Beijing Obstetrics and Gynecology Hospital, Capital Medical University, Beijing Maternal and Child Health Care Hospital, Beijing 100026, P. R. China.
BGI-Beijing Clinical Laboratories, BGI-Shenzhen, Beijing 101300, P. R. China.
Brief Bioinform. 2023 Nov 22;25(1). doi: 10.1093/bib/bbad492.

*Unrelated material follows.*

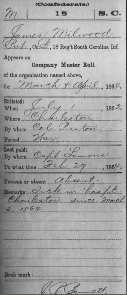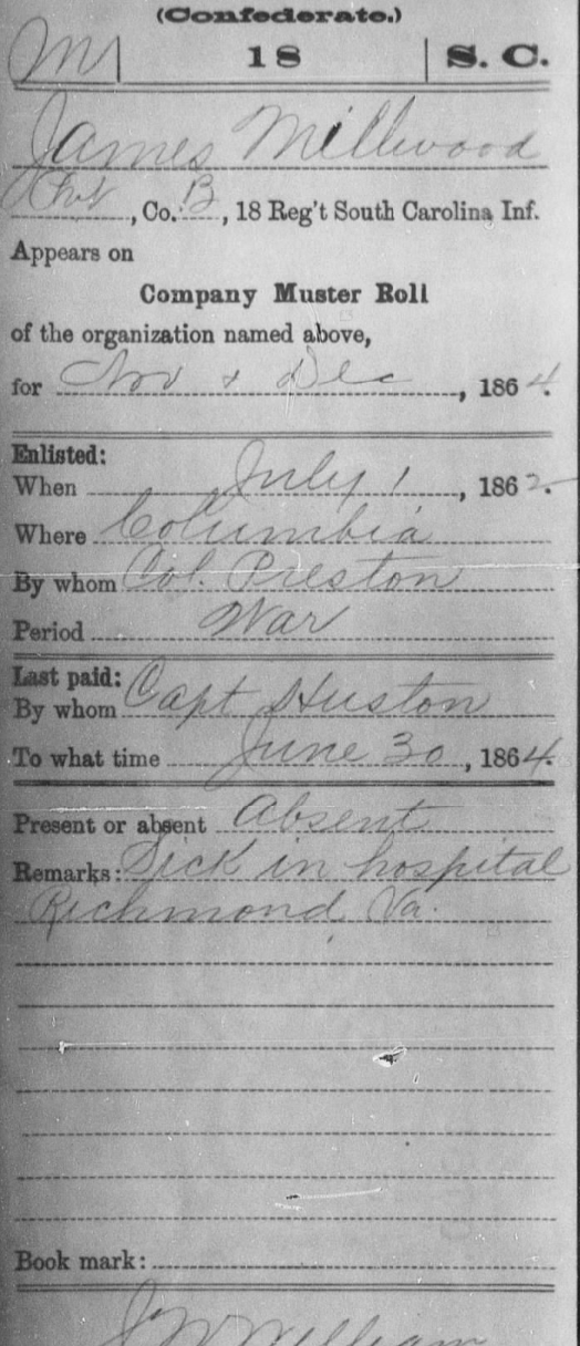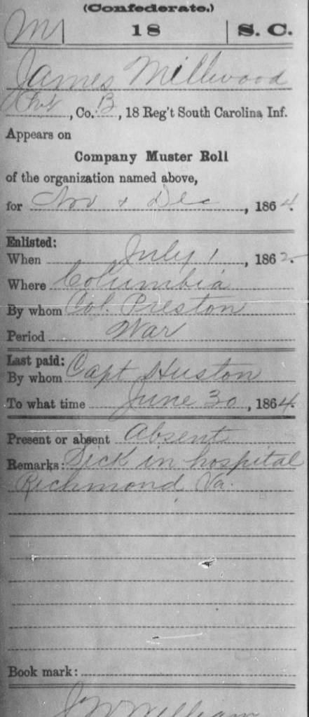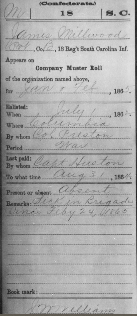 James Millwood –the son of Rebecca and the husband of Melinda — enlisted in the 18th South Carolina Infantry, Company B on July 1, 1862 in Columbia.

Gestational diabetes mellitus (GDM) is a common complication of pregnancy, which has significant adverse effects on both the mother and fetus. The incidence of GDM is increasing globally, and early diagnosis is critical for timely treatment and reducing the risk of poor pregnancy outcomes. GDM is usually diagnosed and detected after 24 weeks of gestation, while complications due to GDM can occur much earlier. Copy number variations (CNVs) can be a possible biomarker for GDM diagnosis and screening in the early gestation stage. In this study, we proposed a machine-learning method to screen GDM in the early stage of gestation using cell-free DNA (cfDNA) sequencing data from maternal plasma. Five thousand and eighty-five patients from north regions of Mainland China, including 1942 GDM, were recruited. A non-overlapping sliding window method was applied for CNV coverage screening on low-coverage (~0.2×) sequencing data. The CNV coverage was fed to a convolutional neural network with attention architecture for the binary classification. The model achieved a classification accuracy of 88.14%, precision of 84.07%, recall of 93.04%, F1-score of 88.33% and AUC of 96.49%. The model identified 2190 genes associated with GDM, including DEFA1, DEFA3 and DEFB1. The enriched gene ontology (GO) terms and KEGG pathways showed that many identified genes are associated with diabetes-related pathways. Our study demonstrates the feasibility of using cfDNA sequencing data and machine-learning methods for early diagnosis of GDM, which may aid in early intervention and prevention of adverse pregnancy outcomes.
妊娠期糖尿病(GDM)是一种常见的妊娠并发症,对母婴均有显著的不良影响。全球范围内 GDM 的发病率呈上升趋势,早期诊断对于及时治疗和降低不良妊娠结局的风险至关重要。GDM 通常在妊娠 24 周后诊断和检测,但由于 GDM 引起的并发症可能发生得更早。拷贝数变异(CNVs)可能是 GDM 早期诊断和筛查的一个潜在生物标志物。在这项研究中,我们提出了一种机器学习方法,利用母体血浆游离 DNA(cfDNA)测序数据,在妊娠早期筛查 GDM。从中国北方地区招募了 5085 名患者,其中包括 1942 名 GDM 患者。应用非重叠滑动窗口方法对低覆盖度(~0.2×)测序数据进行 CNV 覆盖筛查。将 CNV 覆盖度输入具有注意力架构的卷积神经网络进行二分类。该模型的分类准确率为 88.14%,精度为 84.07%,召回率为 93.04%,F1 得分为 88.33%,AUC 为 96.49%。该模型鉴定出 2190 个与 GDM 相关的基因,包括 DEFA1、DEFA3 和 DEFB1。富集的基因本体(GO)术语和 KEGG 通路表明,许多鉴定出的基因与糖尿病相关通路有关。我们的研究表明,使用 cfDNA 测序数据和机器学习方法进行 GDM 的早期诊断是可行的,这可能有助于早期干预和预防不良妊娠结局。